The camera module 380 may capture a still image or moving images. According to an embodiment, the camera module 380 may include one or more lenses, image sensors, image signal processors, or flashes.

The power management module 388 may manage power supplied to the electronic device 301. According to one embodiment, the power management module 388 may be implemented as at least part of, for example, a power management integrated circuit (PMIC).

The battery 389 may supply power to at least one component of the electronic device 301. According to an embodiment, the battery 389 may include, for example, a primary cell which is not rechargeable, a secondary cell which is rechargeable, or a fuel cell.

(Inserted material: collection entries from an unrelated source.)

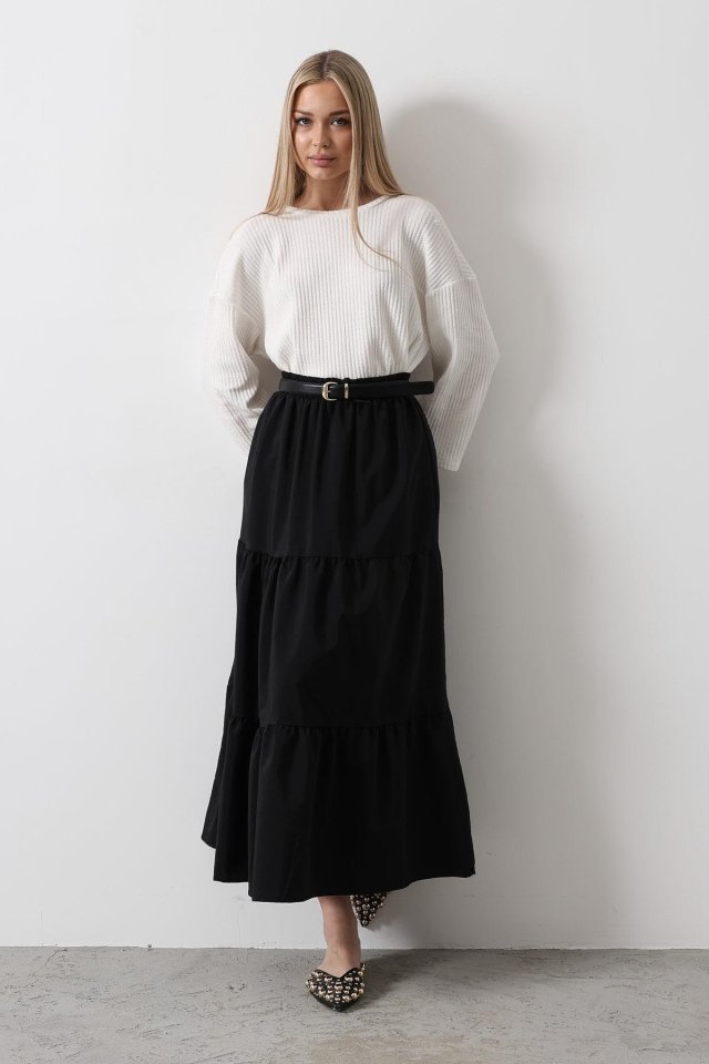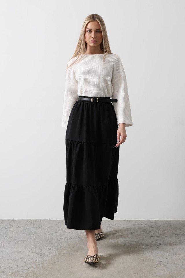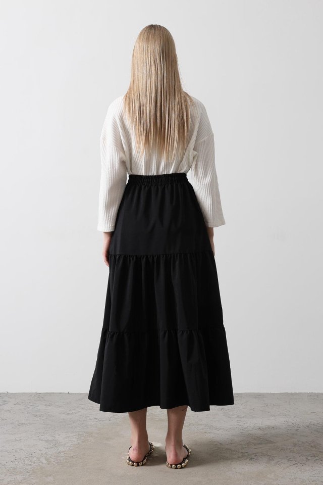 Pamuklu Beli Lastikli Etek – Siyah
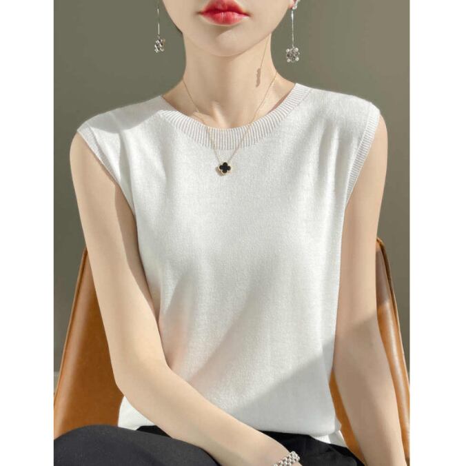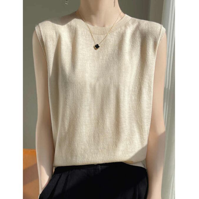 【海外からの取り寄せ】2025新作 レディース ニット トップス 通気性 透け感 ノースリーブ シアートップス 着回し #[tops613_7800]【送料込み】【250607】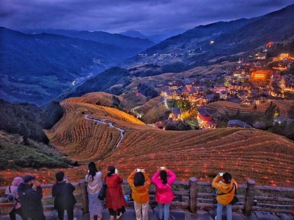 2025年10月23日,广西桂林龙胜县,游客在龙脊镇观看梯田夜景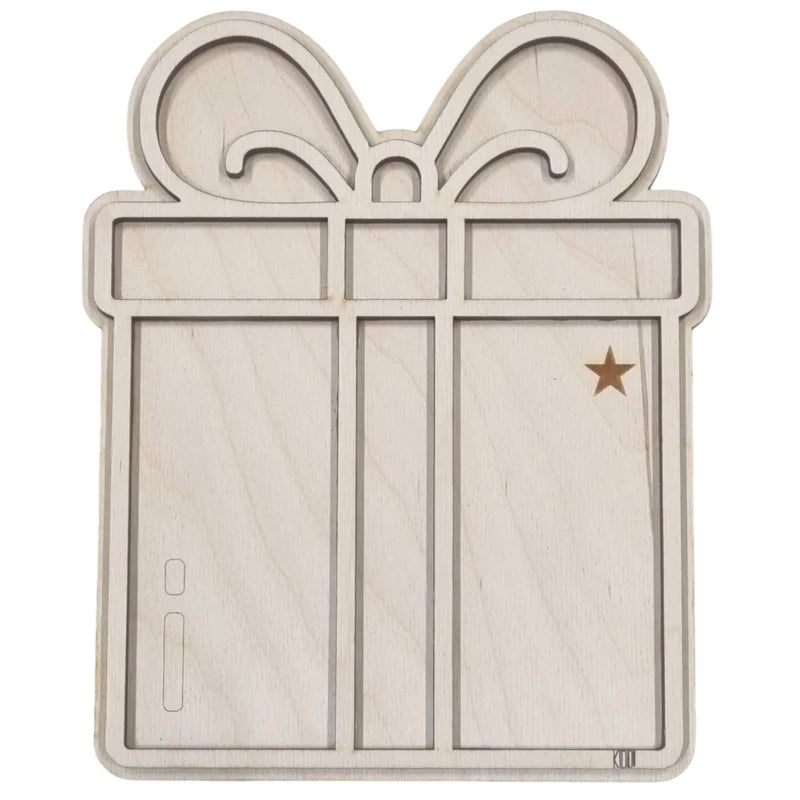 Vulvorm of speeltray in de vorm van een cadeau, ideaal voor een verjaardag / Sinterklaas of de kerst. Gemaakt van onbewerkt berken multiplex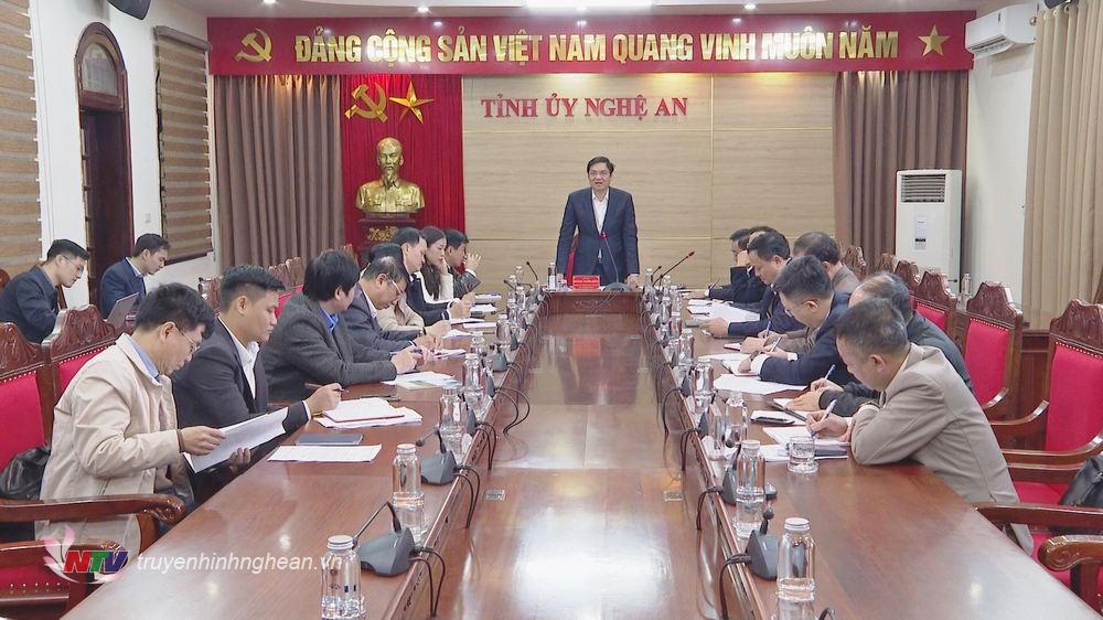 | Đồng chí Phan Đình Trạc - Ủy viên Bộ Chính trị, Bí thư Trung ương Đảng, Trưởng ban Nội chính Trung ương và các đồng chí lãnh đạo tỉnh Nghệ An dự chương trình |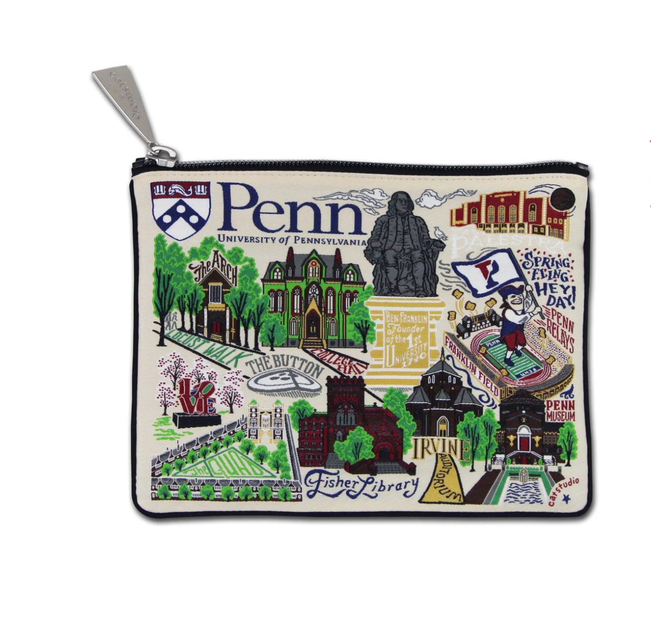 Our original design is uniquely woven (not printed!) into a handy-sized zip pouch - perfect for toting your keys, cash & credit cards, cosmetics - all your small necessities! Complete with chic zipper and pull, and our signature Collegiate black lining. Conveniently sized at 5x7 inches.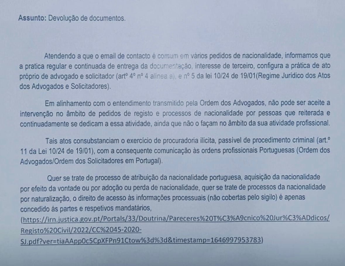 Gente, fui me informar. No caso em novembro de 2023 foram enviados 4 pedidos de nacionalidade de neto, sendo da mãe desse meu primo e de 3 tias, sendo que cada uma com seus documentos, porém compartilharam esse e-mail criado por ele. Todas as pastas foram recebidas normalmente e emitido número de processo, até aí ok. No ano de 2024 mais 2 filhos dessa mesma família fizeram o pedido e utilizaram o e-mail dessde grupo, foi tramitado já o processo e encerrado. Até aí ok, Podemos ver que são todos familiares. No ano agora final de 2025 meu primo enviou o dele de neto, porém por parte da família do pai dele, e utilizou esse mesmo e-mail. Foi aí que deu problema. Acho que quando são todos da mesma família e enviam juntos, não tem problema. Vou enviar aqui foto da carta que chegou junto com todos os documentos devolvidos! Não abriram processo para ele, devolveram tudo! Complicada essa situação, pq eles não tiveram auxílio de profissional, foram eles mesmo que foram atrás de tudo, no caso apenas compartilharam o e-mail e isso nunca foi falado que era proibido. Agora tá todos eles preocupados, inclusive a mãe deles e a tia que já estão há 02 anos na fila de espera!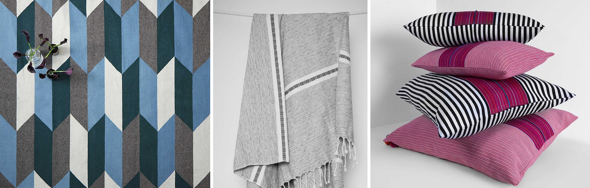 Colorindio is a shining example of how to infuse time-honored, indigenous handicrafts with modern taste. On a mission to “weave stories of ancient cultures through fabric,” the two women behind Colorindio track down preeminent artisans from Chiapas and Oaxaca to bring their biannual collections to life. The blankets are soft and simple, with colorful hand-stitched accents, while the thick rugs—which can take nine days to produce—are flawless but reflect a pedal-looming process.

The communication module 390 may support establishing a direct (e.g., wired) communication channel or a wireless communication channel between the electronic device 301 and the external electronic device (e.g., the electronic device 302, the electronic device 304, or the server 308) and performing communication via the established communication channel. The communication module 390 may include one or more communication processors that are operable independently from the processor 320 (e.g., the application processor (AP)) and supports a direct (e.g., wired) communication or a wireless communication. According to an embodiment, the communication module 390 may include a wireless communication module 392 (e.g., a cellular communication module, a short-range wireless communication module, or a global navigation satellite system (GNSS) communication module) or a wired communication module 394 (e.g., a local area network (LAN) communication module or a power line communication (PLC) module). A corresponding one of these communication modules may communicate with the external electronic device via the first network 398 (e.g., a short-range communication network, such as Bluetooth™, wireless-fidelity (Wi-Fi) direct, or infrared data association (IrDA)) or the second network 399 (e.g., a long-range communication network, such as a cellular network, the Internet, or a computer network (e.g., LAN or wide area network (WAN)). These various types of communication modules may be implemented as a single component (e.g., a single chip), or may be implemented as multi components (e.g., multi chips) separate from each other. The wireless communication module 392 may identify and authenticate the electronic device 301 in a communication network, such as the first network 398 or the second network 399, using subscriber information (e.g., international mobile subscriber identity (IMSI)) stored in the subscriber identification module 396.

The antenna module 397 may transmit or receive a signal or power to or from the outside (e.g., the external electronic device) of the electronic device 301. According to an embodiment, the antenna module 397 may include an antenna including a radiating element composed of a conductive material or a conductive pattern formed in or on a substrate (e.g., PCB). According to an embodiment, the antenna module 397 may include a plurality of antennas. In such a case, at least one antenna appropriate for a communication scheme used in the communication network, such as the first network 398 or the second network 399, may be selected, for example, by the communication module 390 (e.g., the wireless communication module 392) from the plurality of antennas. The signal or the power may then be transmitted or received between the communication module 390 and the external electronic device via the selected at least one antenna. According to an embodiment, another component (e.g., a radio frequency integrated circuit (RFIC)) other than the radiating element may be additionally formed as part of the antenna module 397.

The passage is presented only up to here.